Your objective: Starting at the line that holds "The front piece", reproduce each line exactly up to and including the last line of the records below. Pictures stay out.

*** Begin section ***

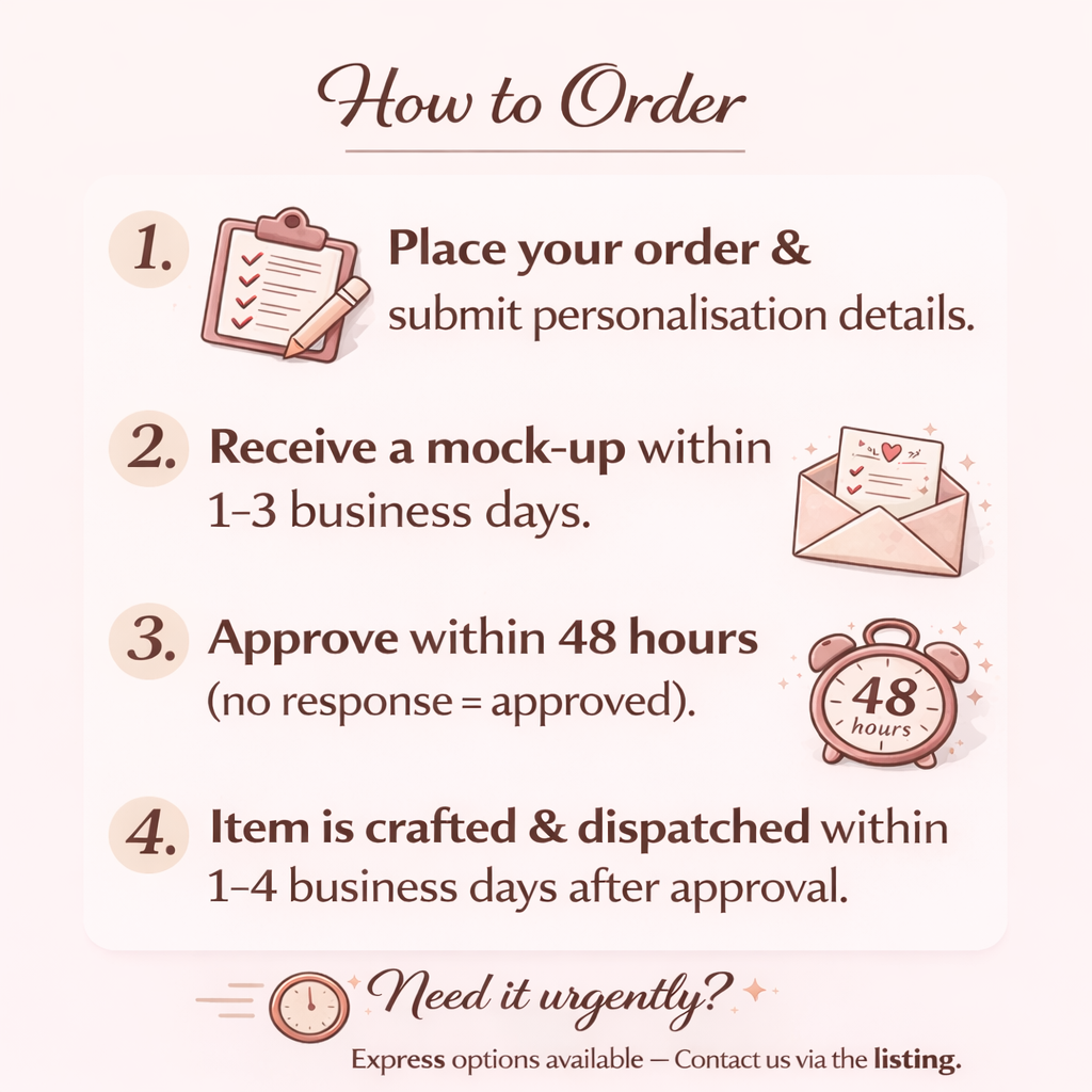 Delivery: Once the order is placed, we will need at least 2 working days to design and submit the artwork for review. Free shipping (Australia Post Letter or Parcel), if included, only applies to standard shipping within Australia. Express shipping is optional and can be selected at an extra charge during checkout. If you have any questions or need to discuss delivery times, especially if you're in a hurry, please contact us before placing your order.
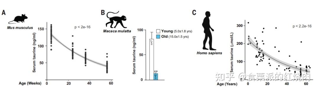 研究人员发现:中年小鼠的牛磺酸只有幼年小鼠的30%,而对于猴子和人类,老年人较年轻人,牛磺酸浓度下降率在80%以上。
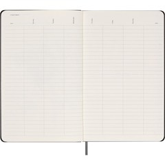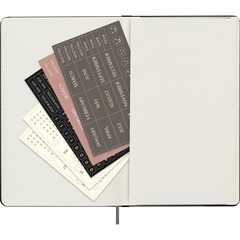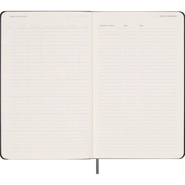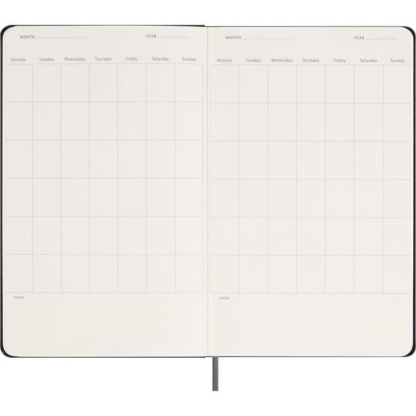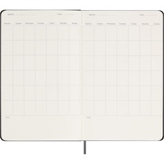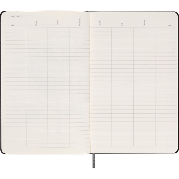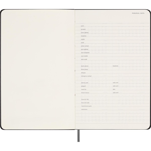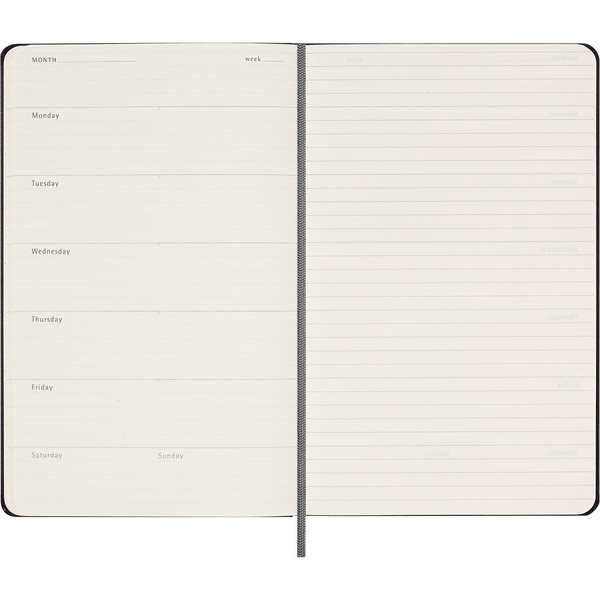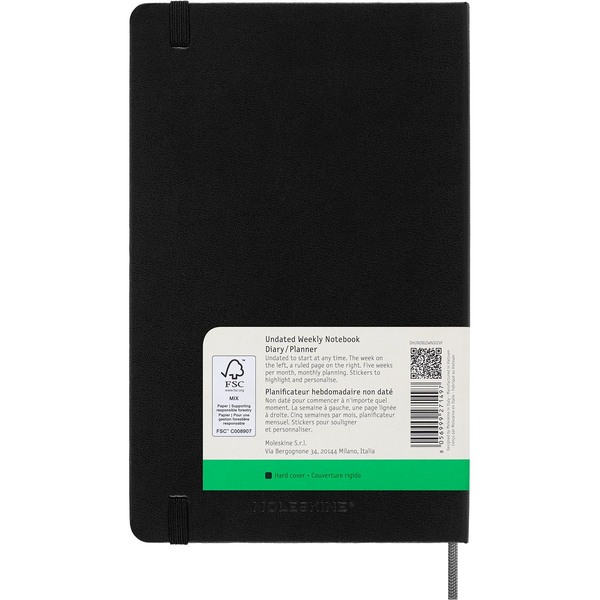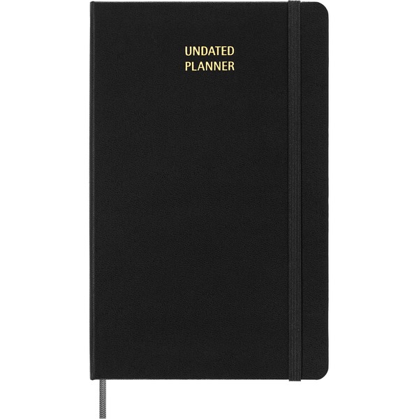 Bienvenido a la versión sin fecha de la Agenda Clásica Moleskine. Sus estructuradas páginas de color marfil contienen todas las características prácticas e inmediatamente reconocibles de una agenda semanal Moleskine, pero sin fechas. Sin fecha para empezar cuando usted elija. Puede empezar esta agenda semanal sin fecha en cualquier momento del año. Hemos dejado los espacios del mes, la semana y la fecha en blanco para que usted los rellene, dándole más versatilidad y libertad que una agenda fechada. Al añadir las fechas tú mismo, puedes saltarte cualquier hueco y simplemente hacer uso de las páginas que realmente necesites. Sin fecha te permite planificar tu vida: no tienes que esperar a que empiece el año. Puedes adaptarla al curso escolar o a tus necesidades personales o laborales. Hay doce meses sin nombre, cada uno con cinco semanas sin fecha para que los utilices como quieras. Cuaderno y agenda juntos. Esta práctica estructura ofrece dos páginas para cada semana: los días de la semana se muestran horizontalmente en la página izquierda, frente a una página rayada para notas, tareas y pensamientos. Este útil diseño combina cuaderno y agenda, para que tengas lo mejor de ambos mundos: suficiente estructura para mantenerte organizado y suficiente espacio para pensar y crear. Contenido para potenciar su planificación. La Agenda Undated Classic incluye un juego de pegatinas especiales. Hay adhesivos mensuales para personalizar cada uno de los 12 separadores y adhesivos anuales para el lomo. También hay mini calendarios mensuales para completar con fechas y aplicar a los separadores de los meses. Las páginas introductorias de esta agenda muestran una visión general de cuatro años para la planificación a largo plazo, un calendario semanal y espacio para planificar viajes, ideas y objetivos.
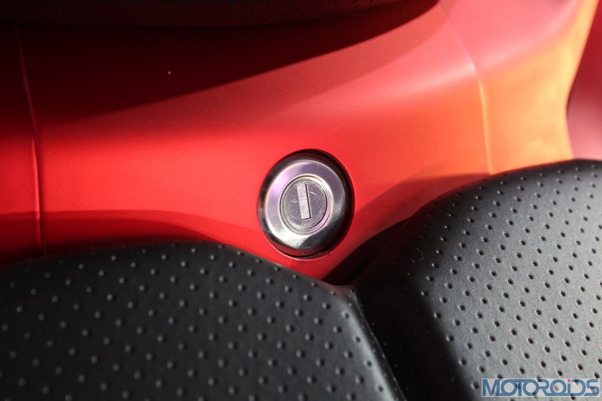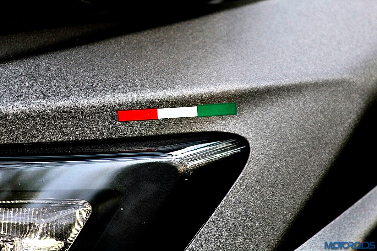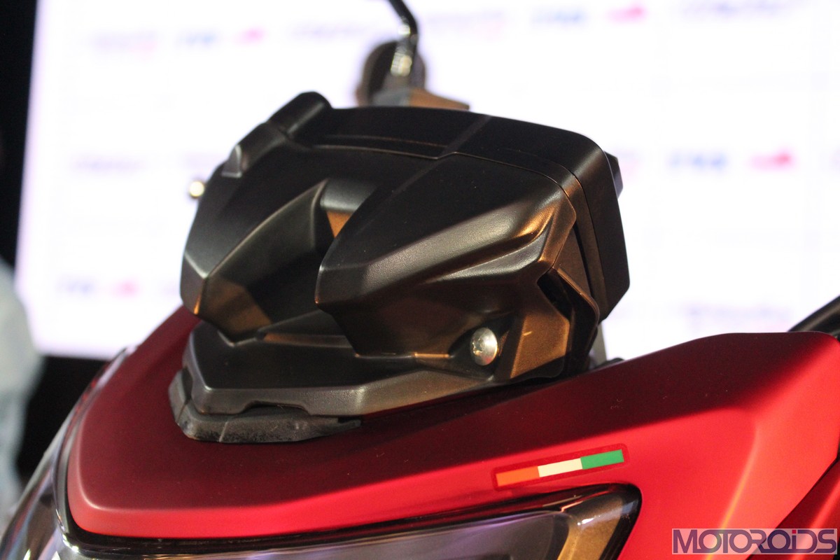 The front piece is crowned by an exposed instrument cluster, giving the notion that the latter is “floating”. That said, it somehow feels that there a part of two missing in the area. If you haven’t noticed already, the Indian tri-color is proudly stuck to the corner.
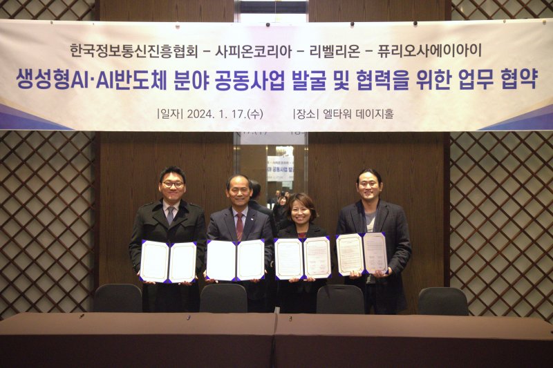 (서울=뉴스1) 양새롬 기자 = 한국정보통신진흥협회(KAIT)는 사피온코리아, 리벨리온, 퓨리오사AI와 생성형AI·AI반도체 분야 공동사업 발굴 및 협업을 위한 업무협약(MOU)을 체결했다고 17일 밝혔다.
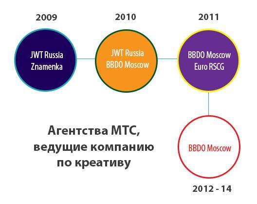 В 2009 году креативным обслуживанием МТС занимались агентства JWT Russia и Znamenka. С 2010 года и по настоящее время эти услуги для оператора оказывало BBDO: в 2010 году – наряду с JWT Russia, в 2011 – с Euro RSCG.
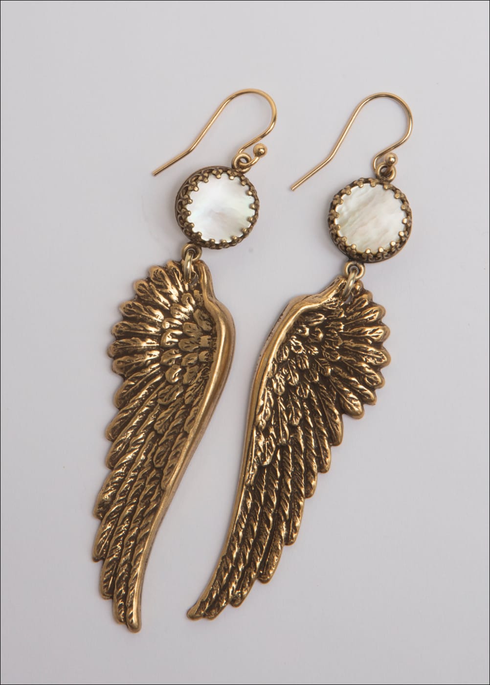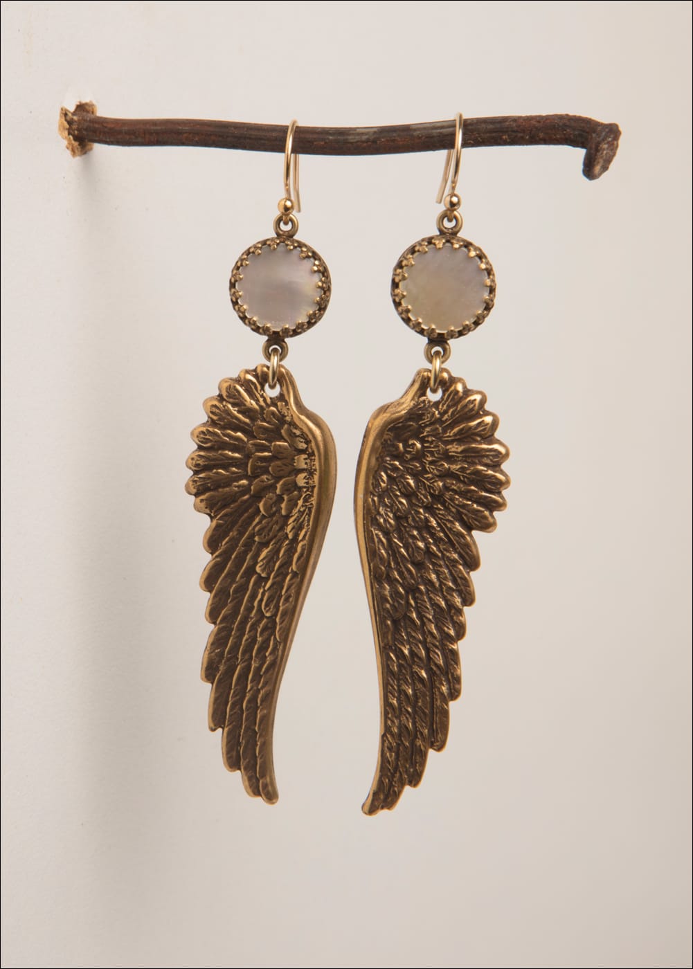 Vintage MOP Cabochon / Plated Gold Wings 3" L / 14kt. G.F. French Wires

*** End section ***

Solution to the problem:
 The front piece is crowned by an exposed instrument cluster, giving the notion that the latter is “floating”. That said, it somehow feels that there a part of two missing in the area. If you haven’t noticed already, the Indian tri-color is proudly stuck to the corner.
 (서울=뉴스1) 양새롬 기자 = 한국정보통신진흥협회(KAIT)는 사피온코리아, 리벨리온, 퓨리오사AI와 생성형AI·AI반도체 분야 공동사업 발굴 및 협업을 위한 업무협약(MOU)을 체결했다고 17일 밝혔다.
 В 2009 году креативным обслуживанием МТС занимались агентства JWT Russia и Znamenka. С 2010 года и по настоящее время эти услуги для оператора оказывало BBDO: в 2010 году – наряду с JWT Russia, в 2011 – с Euro RSCG.
 Vintage MOP Cabochon / Plated Gold Wings 3" L / 14kt. G.F. French Wires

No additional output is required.